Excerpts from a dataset
——————

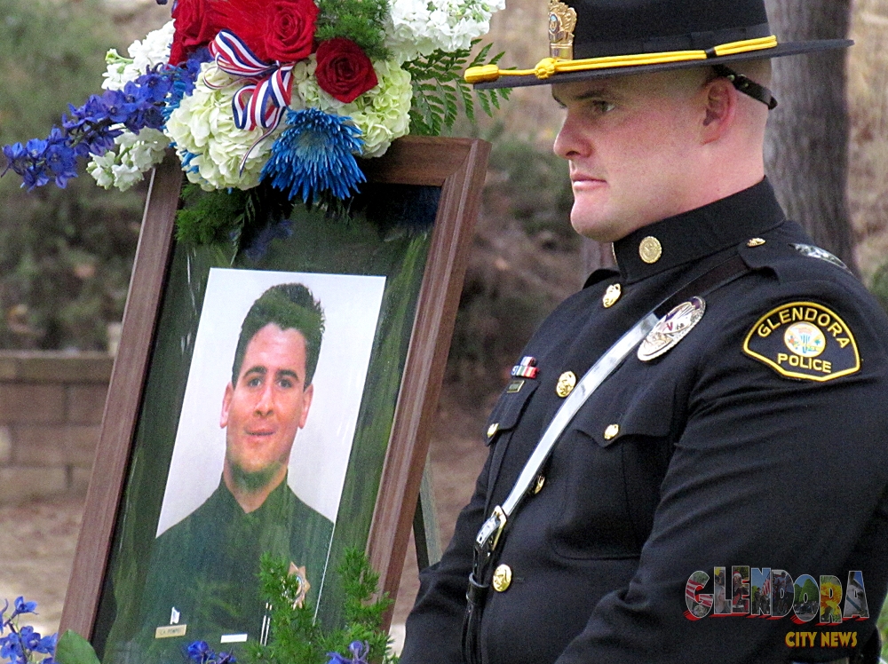 - Glendora Officer Ray Kodadek, a member of the department’s Honor Guard, stands near a portrait of slain Glendora Detective Louie Pompei. Photo by Aaron Castrejon.
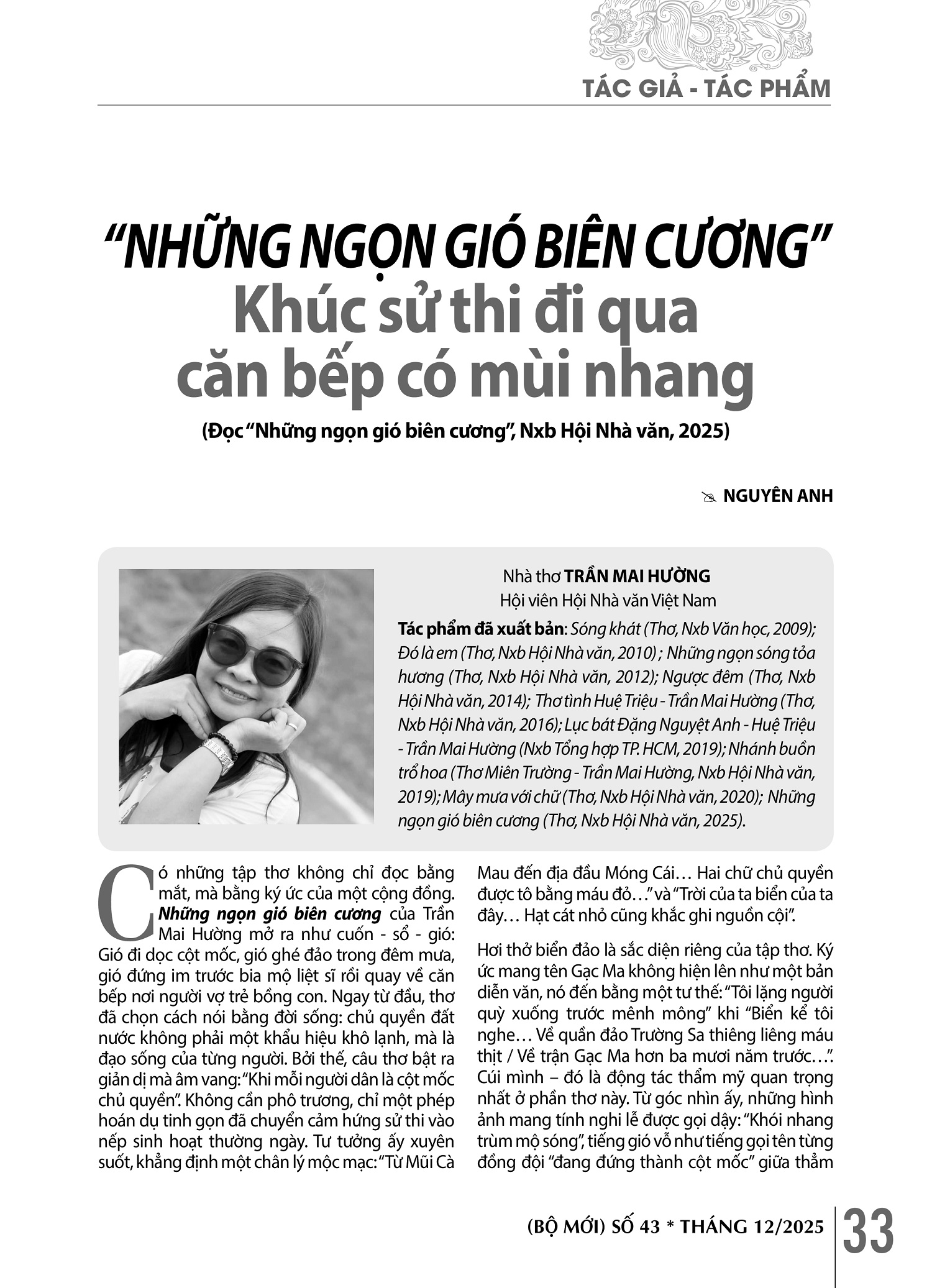 Biên cương trong tập thơ "Những ngọn gió biên cương" của Trần Mai Hường không chỉ là đường biên địa lý, mà còn là không gian của ký ức, tình người và mùi nhang khói gia đình. Một khúc sử thi nhỏ được kể bằng giọng thơ dịu lắng, nhắc ta yêu đất nước từ những điều gần nhất. Văn chương TP. Hồ Chí Minh trân trọng giới thiệu bài viết của Nguyên Anh, đăng trên Tạp chí Diễn đàn Văn nghệ Việt Nam, số 12/2025.
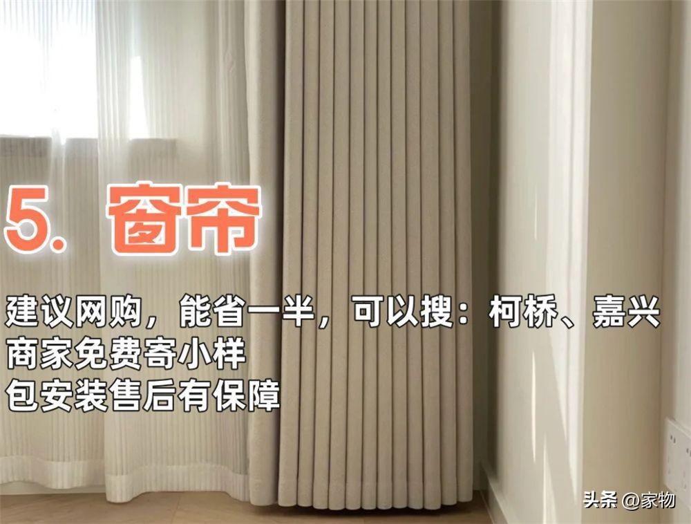 窗簾和燈具也是一樣的道理,能網購就儘量去網購,兩者唯一不同的地方,就是買窗簾的時候最好先要個小樣,大部分網購窗簾現在都能包安裝,只要確定面料樣式,就比在線下買合適很多。
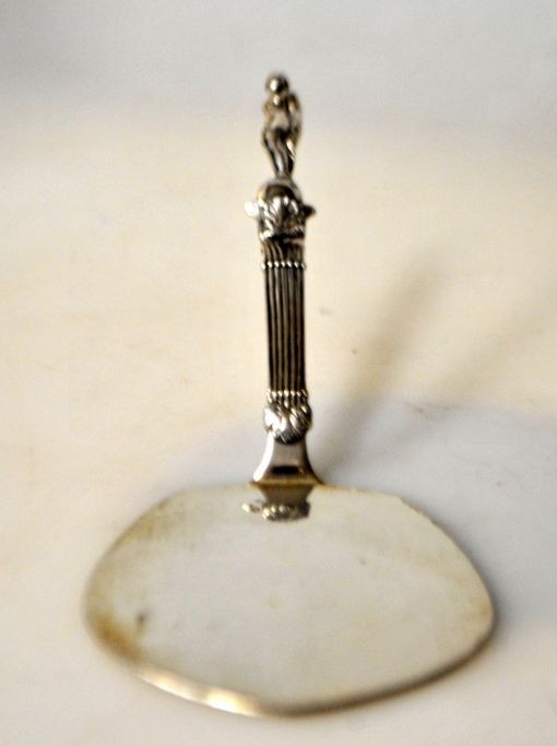 Reppien sølv spatel, 1952, Skanderborg, Danmark. Skaft med stående nøgen kvinde. Stemplet. L.: 15 cm. Vægt.: 30 gram.Perfekt stand!
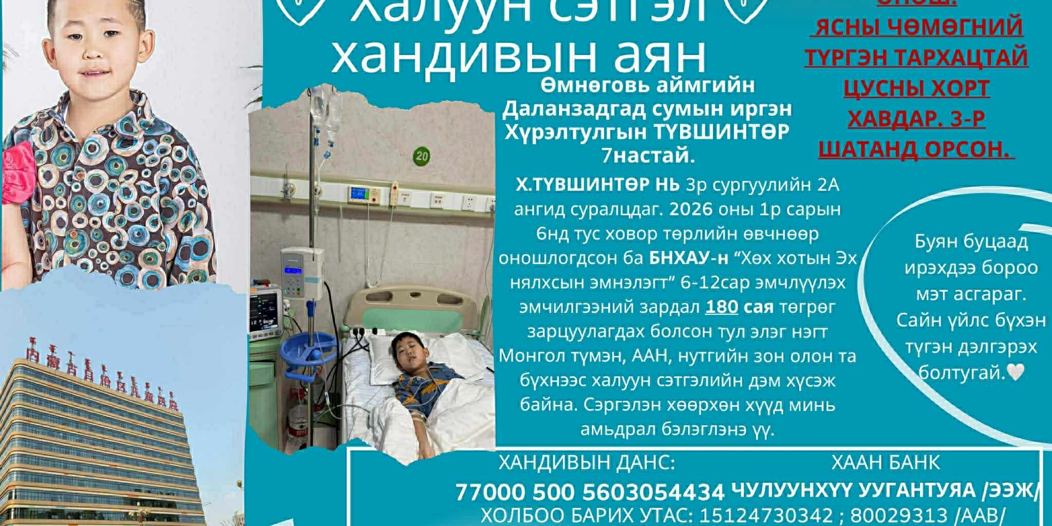 Х.Түвшинтөр хүү нь 2026 оны нэгдүгээр сарын 6-нд ясны чөмгөний түргэн тархацтай цусны хорт хавдрын 3-р шат хэмээх онош тогтоогдож, БНХАУ-ын Хөх хотын “Эх нялхсын” эмнэлэгт 6-12 сарын эмчилгээний зардал болох 180 сая төгрөг шаардлагатай болсон тул элэг нэгт ард түмнээсээ тусламж хүслээ.
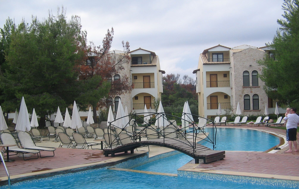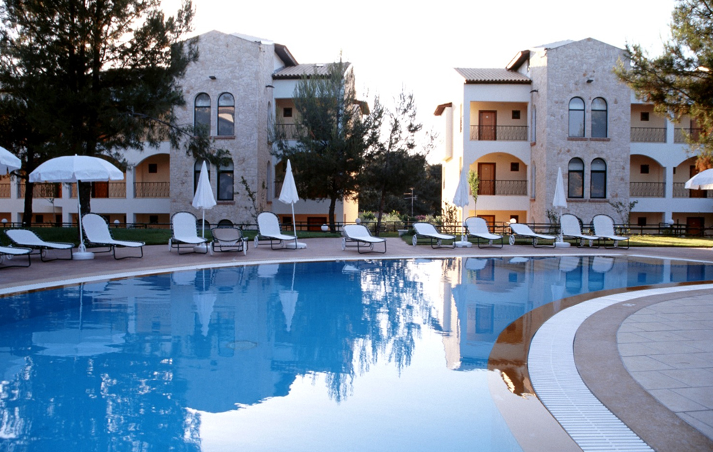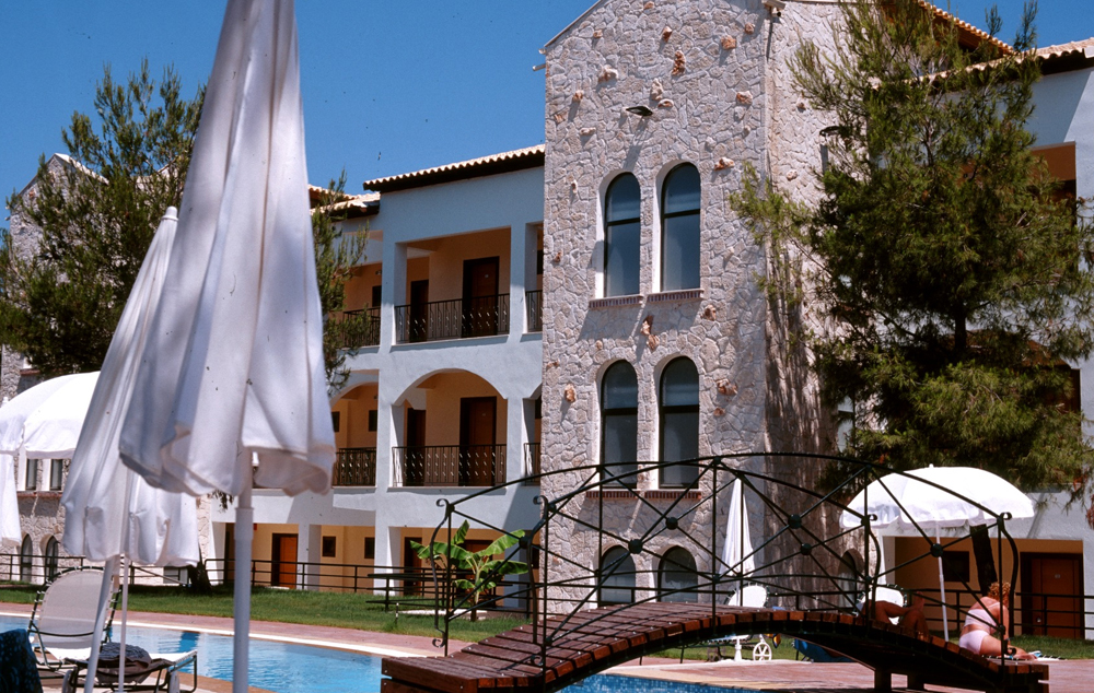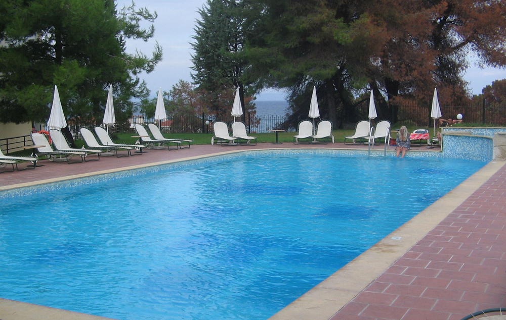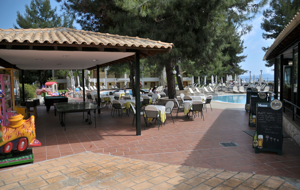 SADRŽAJ: Tri otvorena bazena, hidromasaža, bar pored bazena, bar, kafeterija, sala za konferencije kapaciteta 160 osoba, sala za dečje igre, organizacija grčkih večeri sa živom muzikom jednom nedeljno...
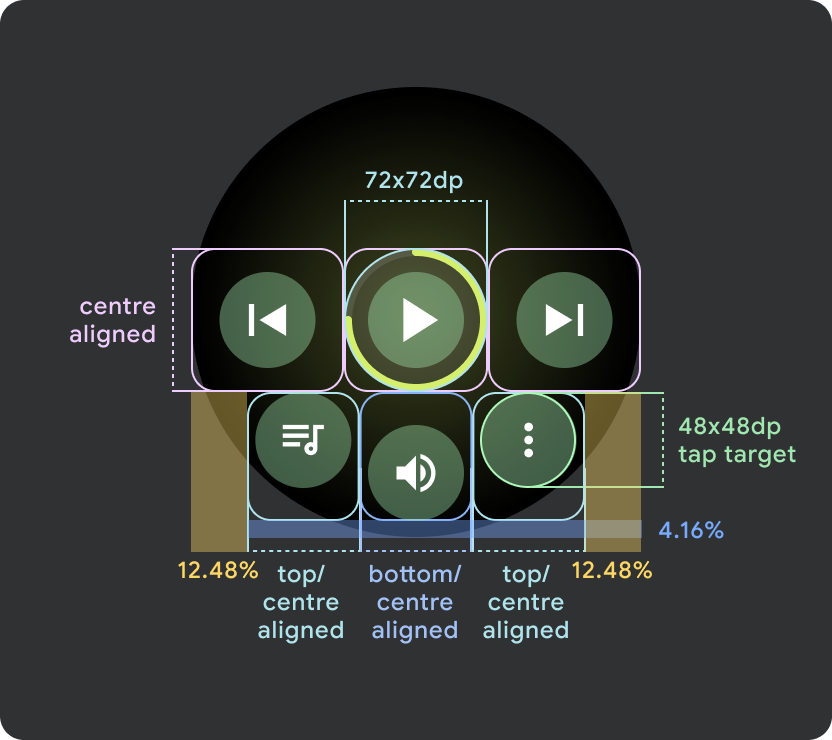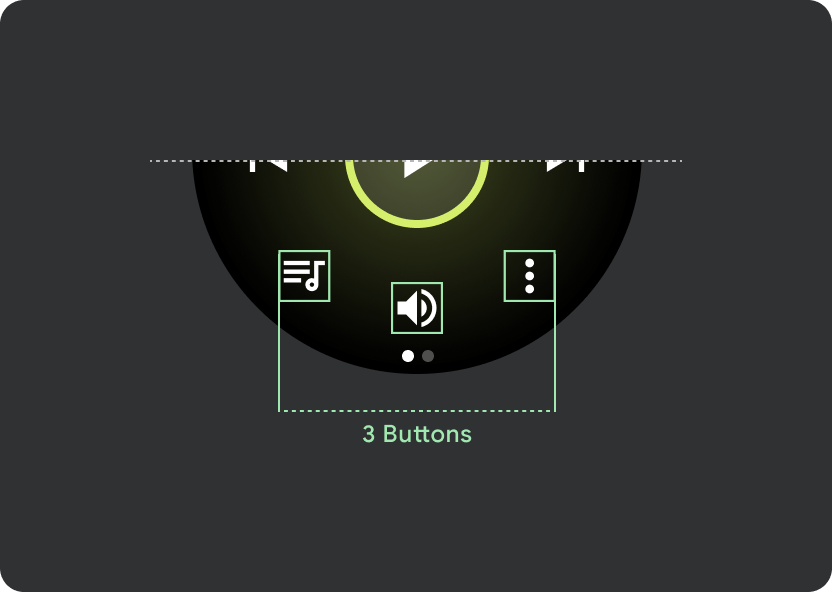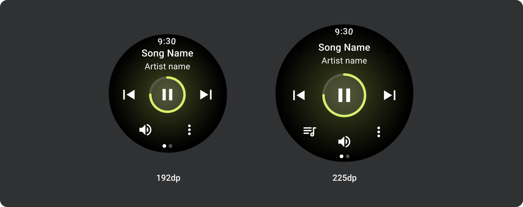 Kontrol utama (Putar/Jeda) diskalakan dari 60 dp menjadi 72 dp di perangkat Wear OS yang lebih besar dari 225 dp, sehingga bagian tengah memiliki tinggi 72 dp, dan dengan demikian meningkatkan target ketuk untuk semua kontrol di dalamnya. Ini adalah perilaku responsif bawaan yang akan Anda warisi dari template Pemutar Media.
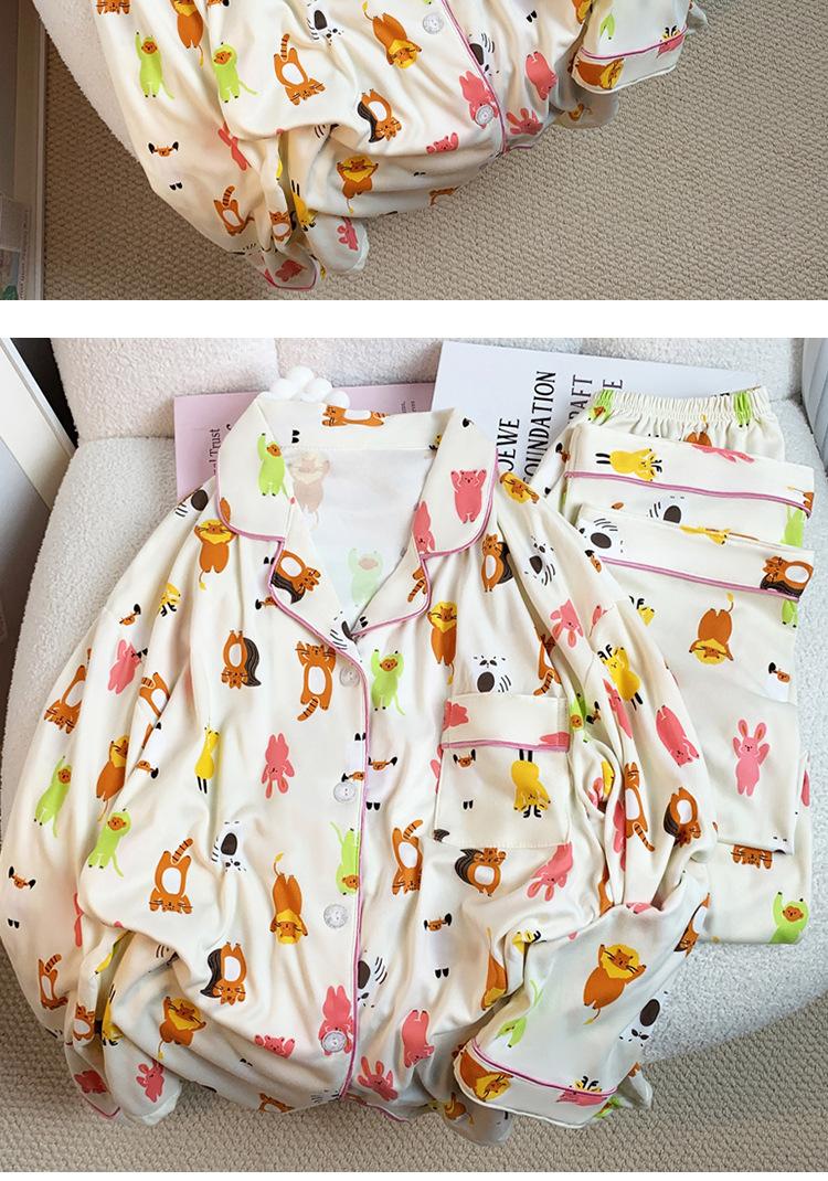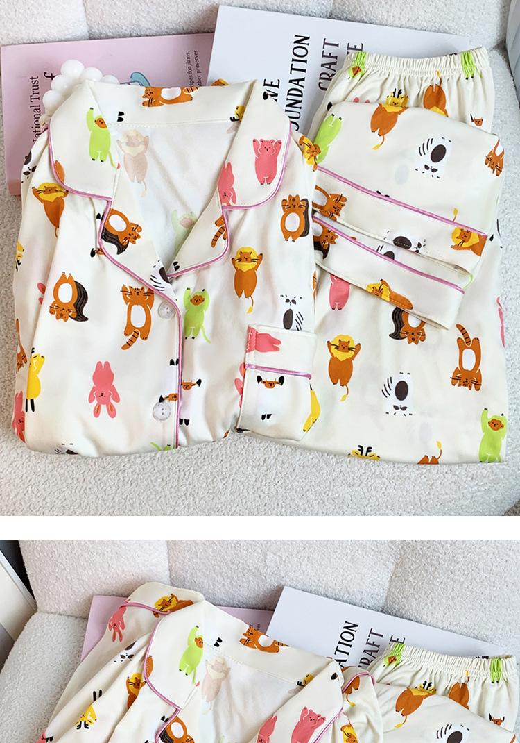 Pijama Perezoso con Estampado de Animales de Dibujos Animados para Mujer Primavera y Otoño Traje de Pantalones de Manga Larga Cómodo y Puede Usarse Afuera Foto Real Venta al por Mayor
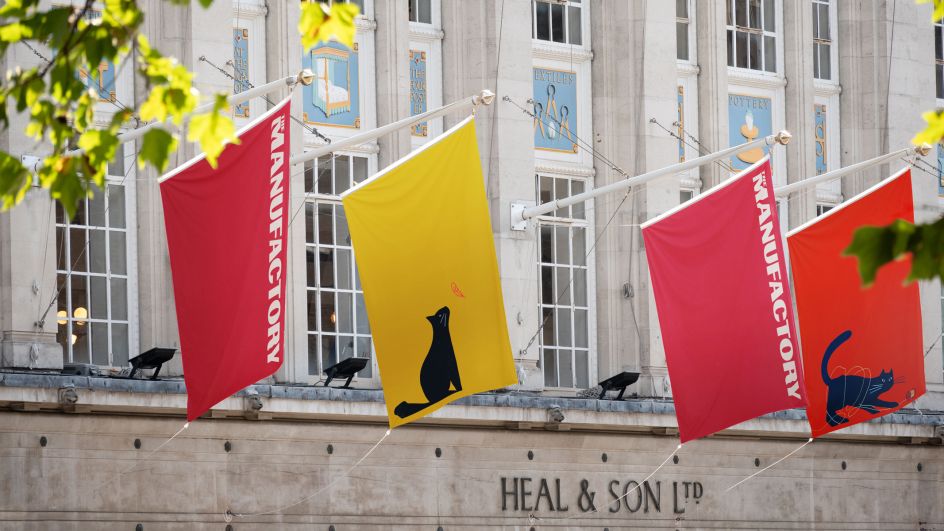 DNCO also brought to life a piece of Heal's story: its bronze cat mascot, which, as an illustration, injects mischief and liveliness into the identity and becomes an innovative storytelling tool for the building's reinvention.
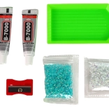 Inhoud van de set: rendierhanger (hoogte ca. 7 cm), 2 verpakkingen gekleurde kristallen, bakje voor kristallen, 2× lijm in tube, wasstokje en slijpertje.
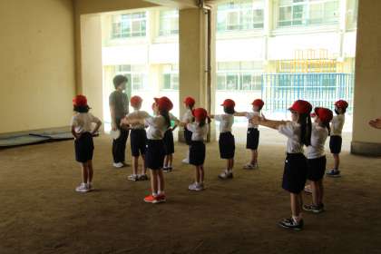 並ぶ順番、列の整え方を練習しました。前のお友達の頭を見てまっすぐ並ぶのはちょっぴり難しかったです。
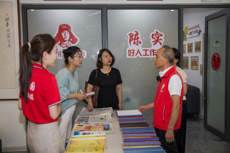 7月25日,湖北省宜昌市伍家岗区大公桥街道金家台社区居委会的工作人员在为采访报道组介绍志愿者陈实的工作事迹。新华网 钟奕 摄
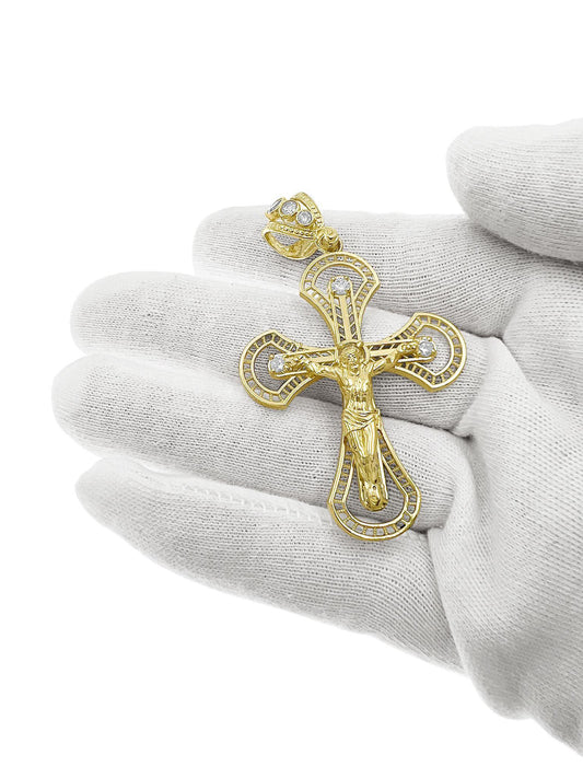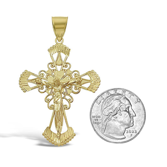 10k Yellow Gold Cross Crucifix Pendant Mens Charm 2.1 inch
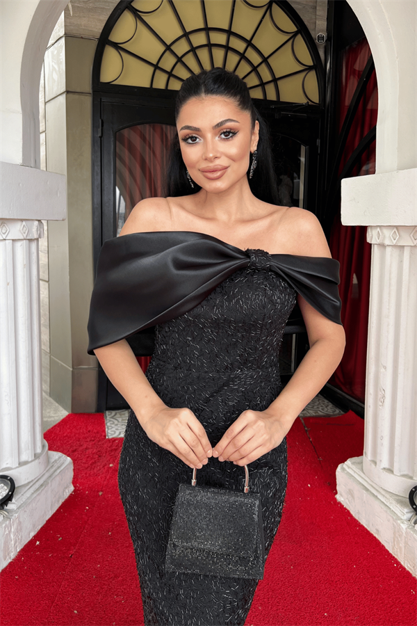 Payet Kumaş Saten Kayık Yaka Kalem Elbise - SİYAH
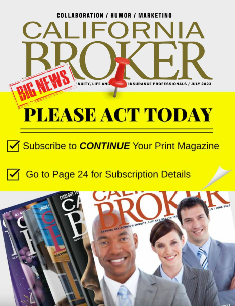 Beginning August 2023, our print piece, the California Broker Magazine professional journal becomes a paid subscription. Priced at only $18 a year, our loyal readers can continue to receive California Broker Magazine mailed to them in print each month. Next steps:

——————

## Task prompt
Repeat exactly the lines above, beginning at the one containing "Biên cương trong" and ending at the one containing "窗簾和燈具也是一樣的道理,能". Do not carry over any pictures.

## Task answer
 Biên cương trong tập thơ "Những ngọn gió biên cương" của Trần Mai Hường không chỉ là đường biên địa lý, mà còn là không gian của ký ức, tình người và mùi nhang khói gia đình. Một khúc sử thi nhỏ được kể bằng giọng thơ dịu lắng, nhắc ta yêu đất nước từ những điều gần nhất. Văn chương TP. Hồ Chí Minh trân trọng giới thiệu bài viết của Nguyên Anh, đăng trên Tạp chí Diễn đàn Văn nghệ Việt Nam, số 12/2025.
 窗簾和燈具也是一樣的道理,能網購就儘量去網購,兩者唯一不同的地方,就是買窗簾的時候最好先要個小樣,大部分網購窗簾現在都能包安裝,只要確定面料樣式,就比在線下買合適很多。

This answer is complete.